▶ Task to complete: In the entries that follow, find the line containing "实验结果表明,BG-Triangle 在边界清晰度 和" and the line containing "2014 C&B Quality", then copy exactly everything from the first through the second except the pictures.

▶ Material for the task:
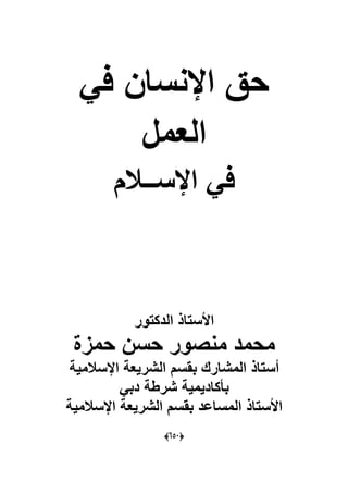 نتائج :ًالأو ٌمكنناالعمدل ًفد اإلنسدان "حدق الموضدوع هدذا بحدث بعدد :التالٌة النتابج هذه نستخلص أن "اإلسالم ًف- 1-دةدٌالعالم داتدواإلعالن دعٌةدالوض داتٌردالدس دالمداإلس دبقدس ددلدالعم ًدددف ددانداإلنس ددقدح ددرهدٌبتقر ،ددانداإلنس ددوقدبحق ددةدالمهتم دعدم دقدٌتف دادبم دهدلحماٌت دةدالالزم دماناتدالض دعدووض ،دهدل دهدوكفالت و اإلنسان قٌمة.كرامته 2-هللا خلدق ًالتد بالوظٌفدة ًاوثٌقد ًاارتباطد ٌرتبط العمل أن عدن ًالفضد ،الواسدع بمفهومهدا العبدادة ًوهد ،أجلها من اإلنسان هللا ددادأوكله ًالتدد المهمددة وتلددك ،الخالفددة لددوازم مددن العمددل أن .ًاوتكرٌم ًاتشرٌف لإلنسان 3-للكسدب ًاألصدل المصدر باعتباره العمل اإلسالم قدس والكدل ٌجدره ومدا والحاجدة الفقدر ضدد لإلنسدان الحصٌن حصن دإالدس دىدإل دطراردواالض دةدوالندام درةدالحس دندم داندلإلنس دادمنهم دهدجعل دؤندب دهدب دىدوارتق دلدالعم دؤندبش دالمداإلس دعدارتف دادكم ،داسدالن ،العبادة ضروب من ًاضربًوٌبتؽد ،هللا إلدى بها ٌتقرب ًالت– بفٌه اإلخالص–.اآلخرة ًف العظٌم الثواب 4-أًاددوجوب ًاددواجب دوندٌك دددق دهدمن دددالقص دبدبحس دلدالعم ن الشدخص علدى لإلنفاق إلٌه الحاجة حالة ًف ذلك وٌتحقق ،ًاٌعٌن حالددة ًفدد وكددذلك ،اآلخددرٌن علددى عالددة ٌكددون ال حتددى ،ذاتدده دندم دىدعل داقدلإلنف دهدٌإل دةدالحاجدٌهمدعل داقدباإلنف دخصدالش دزمدٌل تقدع ،ًاٌكفاب ًاوجوب ًاواجب العمل ٌكون قد كما ،ًاشرعالقٌدام تبعدة
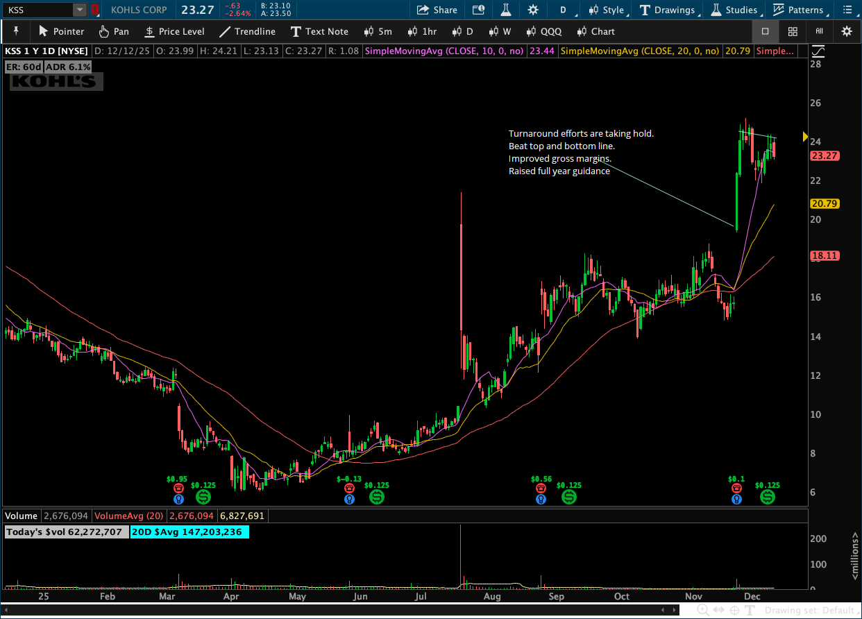 KSS is flagging and surfing the 10ma. Watching for a range break. Shares jumped following the catalyst of naming a permanent CEO and reporting better-than-expected third-quarter results, driven by improved margins and traffic.
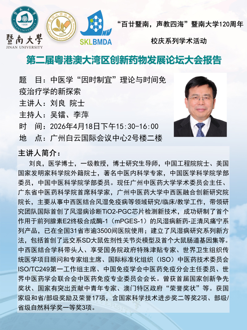 【百廿暨南,声教四海】校庆系列学术活动(四十五)——中国工程院院士刘良:中医学"因时制宜"理论与时间免疫治疗学的新探索
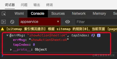 success回调事件结果如下。其中tapIndex对应定义itemList的数组序号
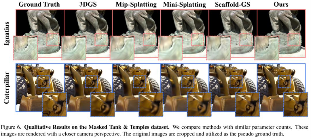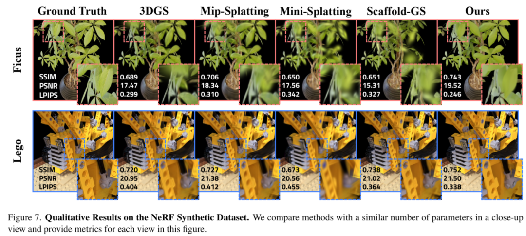 实验结果表明,BG-Triangle 在边界清晰度 和 参数效率 方面表现优越。相比 3D Gaussian Splatting(3DGS)、Mip-Splatting、Mini-Splatting 和 Scaffold-GS,能以 极少的图元数量 实现更高质量的渲染。在相似参数规模下,BG-Triangle 在 LPIPS 评分(感知质量)上显著优于其他方法,且在放大渲染中仍可保持清晰的物体边界,而 3DGS 及相关方法在近距离观察时会产生模糊或伪影。
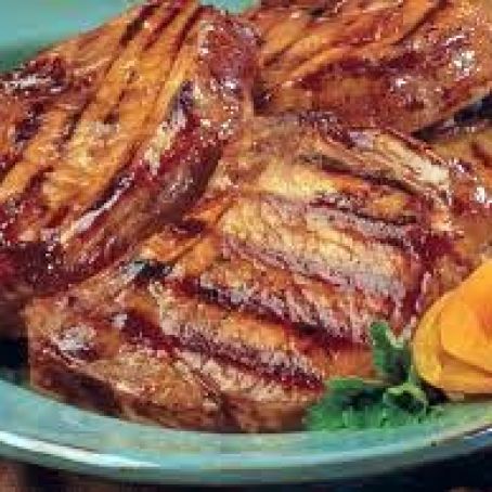 2. Preheat a gas grill to medium-high. Rub chops with oil and sprinkle with salt. Grill for 10 minutes, turning once. Continue to cook, basting with glaze several times, until and instant read thermometer inserted into center of chop registers 140 degrees, 6-8, minutes longer. Let chops rest on a cutting board for 5 minutes before serving.
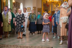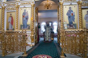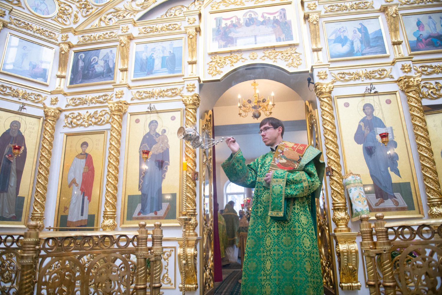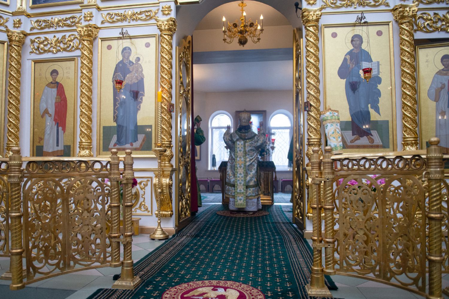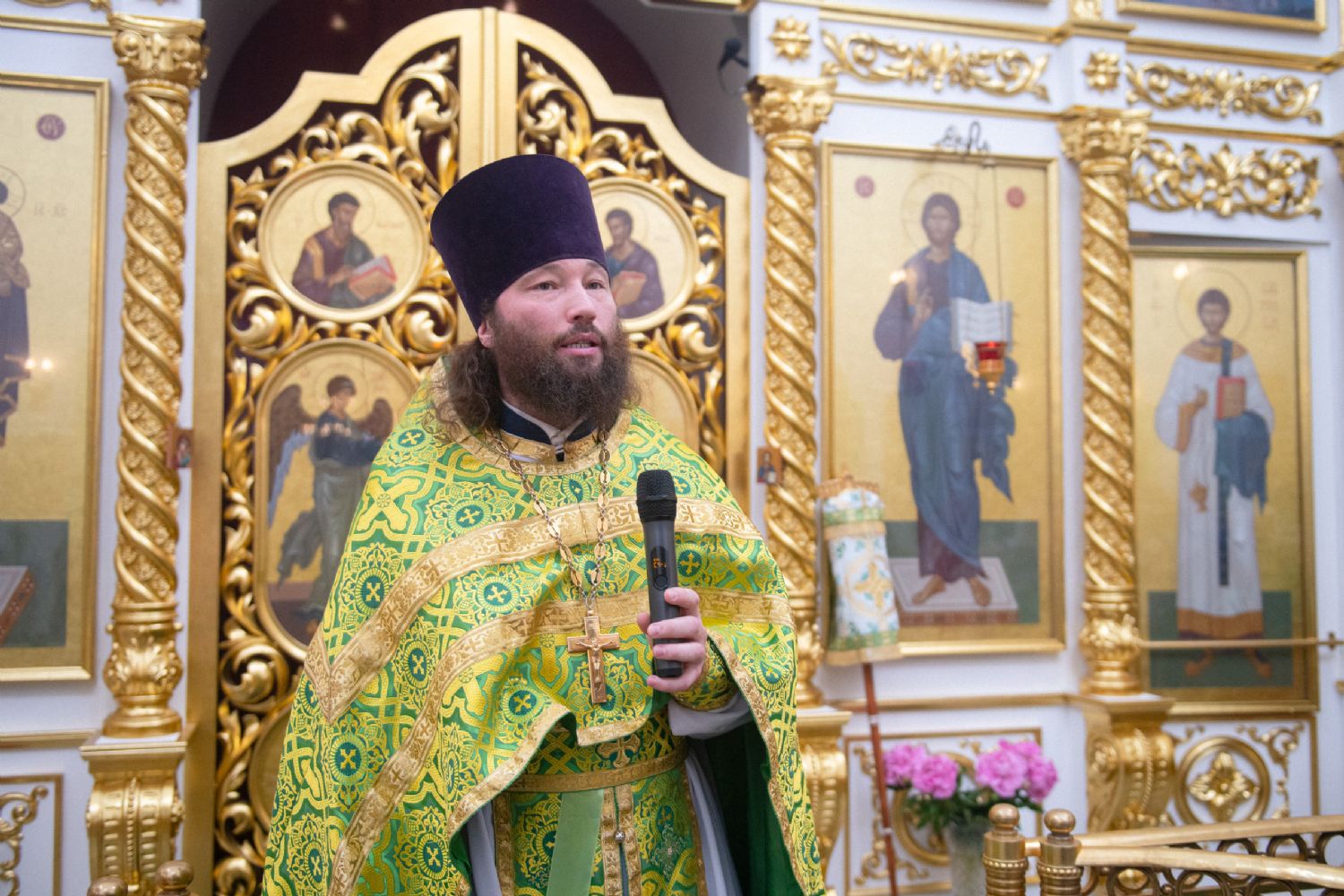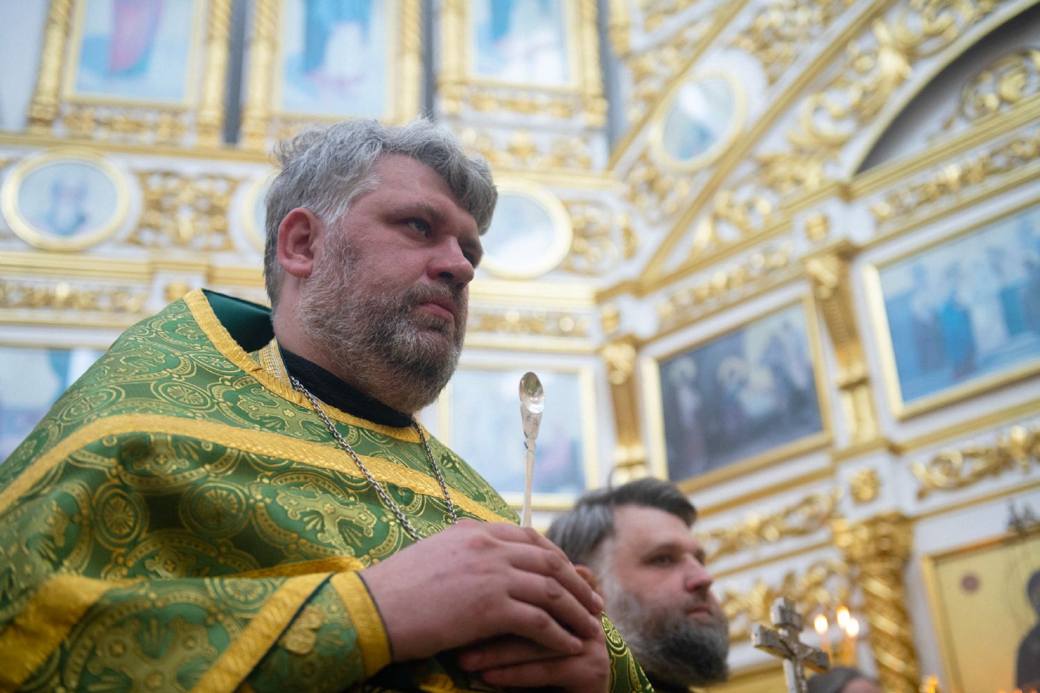 Богослужебные песнопения исполнил приходской смешанный хор под управлением Елены Васильевой. На сугубой ектении была вознесена молитва о восстановлении мира. По запричастном стихе проповедь произнёс клирик храма протоиерей Сергий Шкуро.
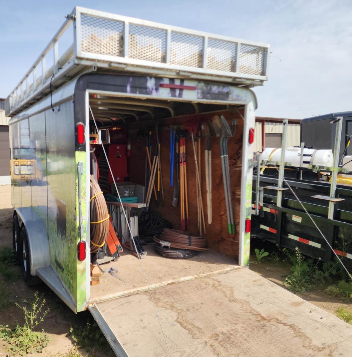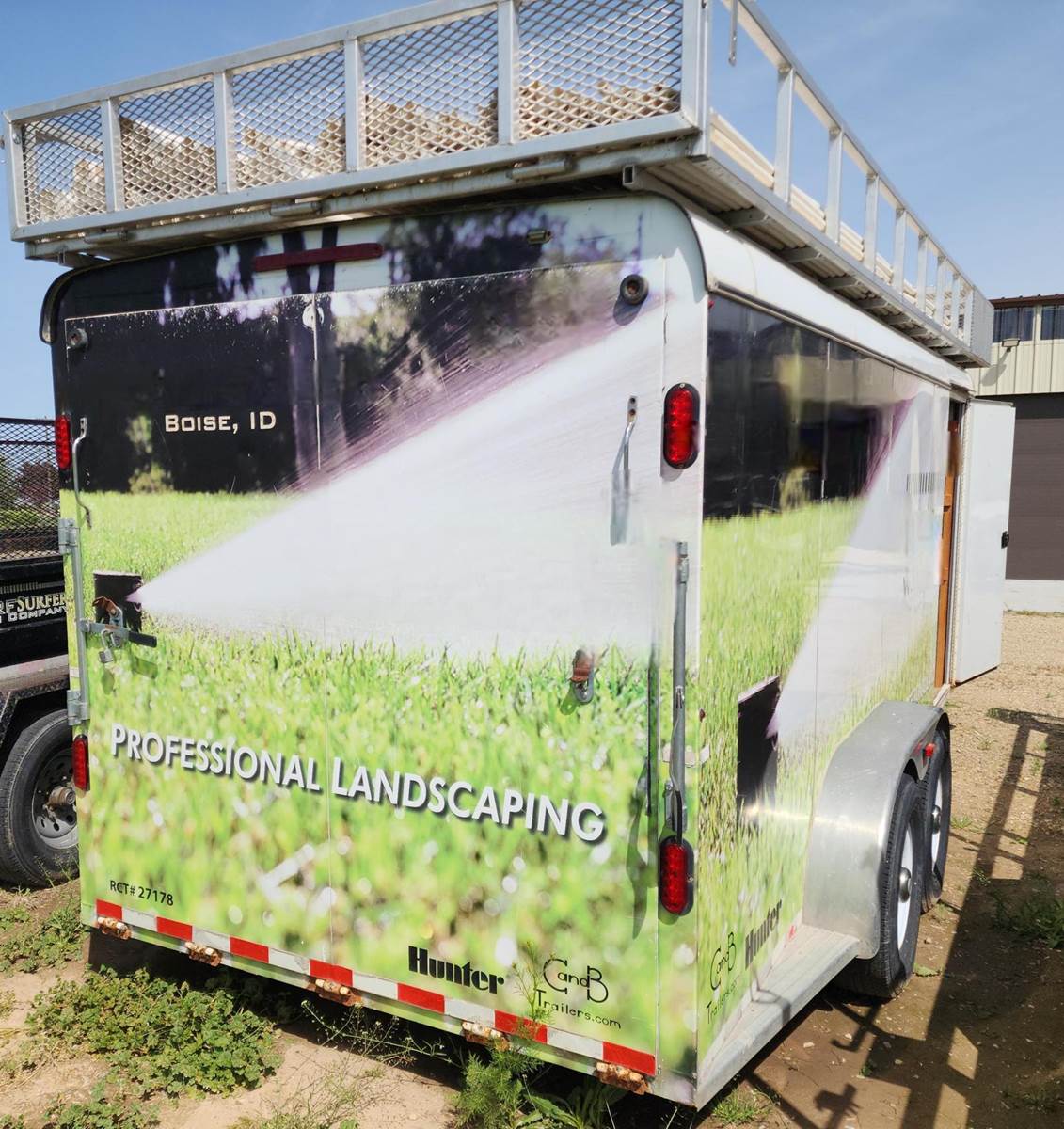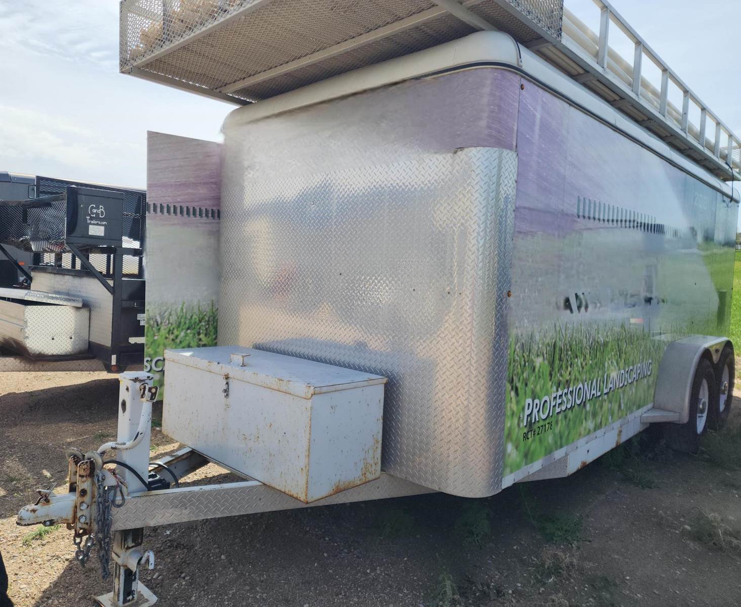 2014 C&B Quality Trailer 18-foot custom enclosed Landscaping trailer with 20’ roof top aluminum pipe rack. 4’-6” tongue with toolbox. 11’-6’ wheel base. Inside tool storage on the walls. Built in Storage racks for PVC fittings for landscaping. The fittings can be included for additional price. Craftsman toolbox, 9-drawers. Hand tools not included. 20 ft. top aluminum PVC pipe rack. Call for more information and pricing with the PVC parts.
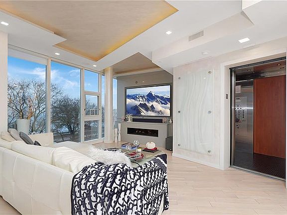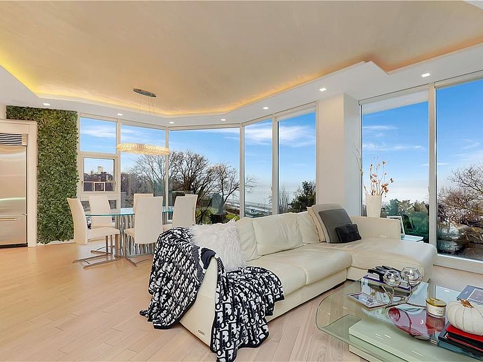Welcome to 6917 Shore Road. A building designed to bring Manhattan luxury to Bay Ridge. As you enter the building, you take a private elevator to 5B, opening directly into the living space. When you step off, you will walk into the serenity of luxury and opulence. A completely redesigned condo featuring a breathtaking 180 degree views of Shore Road and the New York Harbor, as seen through the nine-foot wall of floor to ceiling windows. The zen-like sunlight cast a beautiful warmth and light on the custom designed kitchen, featuring very sleek Wolf appliances. The open-concept kitchen flows into the living room and dining room. The primary bedroom features its own private bathroom and custom closet. The second bedroom features custom French doors that open to a private balcony. Also equipped with a custom closet, this bedroom can also be used as a home office. The hallway bathroom comes equipped with a jacuzzi tub, along with the finest fixtures. Opposite the bathroom is the new washer and dryer, conveniently placed and hidden. The unit has been completely upgraded and redesigned with the highest quality materials, along with a custom designed lighting system to further enhance the beauty of this home. With the sale of the unit, comes a parking space, on site, in a private and gated lot. You can install charging for electric vehicles. Snow removal from vehicles and lot are part of the property fees. The unit also comes with a storage space on the ground level. 6917 Shore Road is conveniently located near public transportation, including the 69 St Pier, for a quick fifteen minute ferry ride to lower Manhattan. The owner is selling the property fully furnished (with the exception of the primary bedroom set) to add to the experience. A list of custom furniture and light fixtures are available upon request.
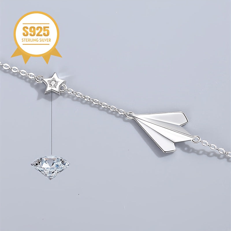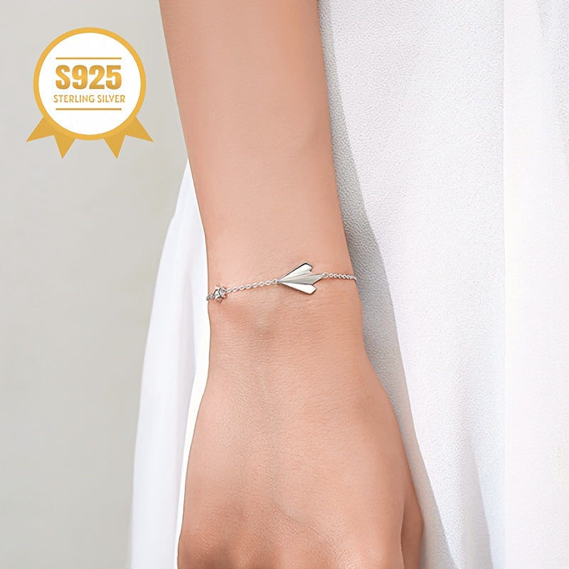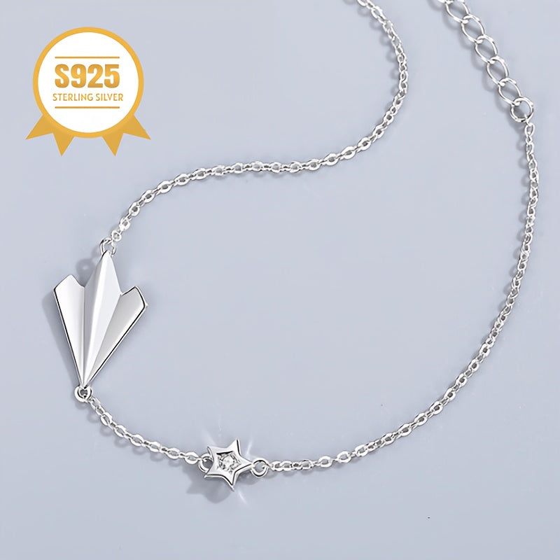 This delicate bracelet features a paper airplane and pentagram star design, perfect for a young woman. It is hypoallergenic, anti-oxidation, and makes a great gift for mothers or ladies.
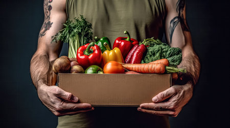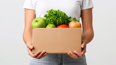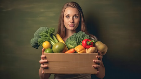 woman holding a box of fruits and vegetables, conveying the concept of food donation or store delivery. A powerful symbol of generosity and strength.

▶ Written solution:
 实验结果表明,BG-Triangle 在边界清晰度 和 参数效率 方面表现优越。相比 3D Gaussian Splatting(3DGS)、Mip-Splatting、Mini-Splatting 和 Scaffold-GS,能以 极少的图元数量 实现更高质量的渲染。在相似参数规模下,BG-Triangle 在 LPIPS 评分(感知质量)上显著优于其他方法,且在放大渲染中仍可保持清晰的物体边界,而 3DGS 及相关方法在近距离观察时会产生模糊或伪影。
 2. Preheat a gas grill to medium-high. Rub chops with oil and sprinkle with salt. Grill for 10 minutes, turning once. Continue to cook, basting with glaze several times, until and instant read thermometer inserted into center of chop registers 140 degrees, 6-8, minutes longer. Let chops rest on a cutting board for 5 minutes before serving.
 Богослужебные песнопения исполнил приходской смешанный хор под управлением Елены Васильевой. На сугубой ектении была вознесена молитва о восстановлении мира. По запричастном стихе проповедь произнёс клирик храма протоиерей Сергий Шкуро.
 2014 C&B Quality Trailer 18-foot custom enclosed Landscaping trailer with 20’ roof top aluminum pipe rack. 4’-6” tongue with toolbox. 11’-6’ wheel base. Inside tool storage on the walls. Built in Storage racks for PVC fittings for landscaping. The fittings can be included for additional price. Craftsman toolbox, 9-drawers. Hand tools not included. 20 ft. top aluminum PVC pipe rack. Call for more information and pricing with the PVC parts.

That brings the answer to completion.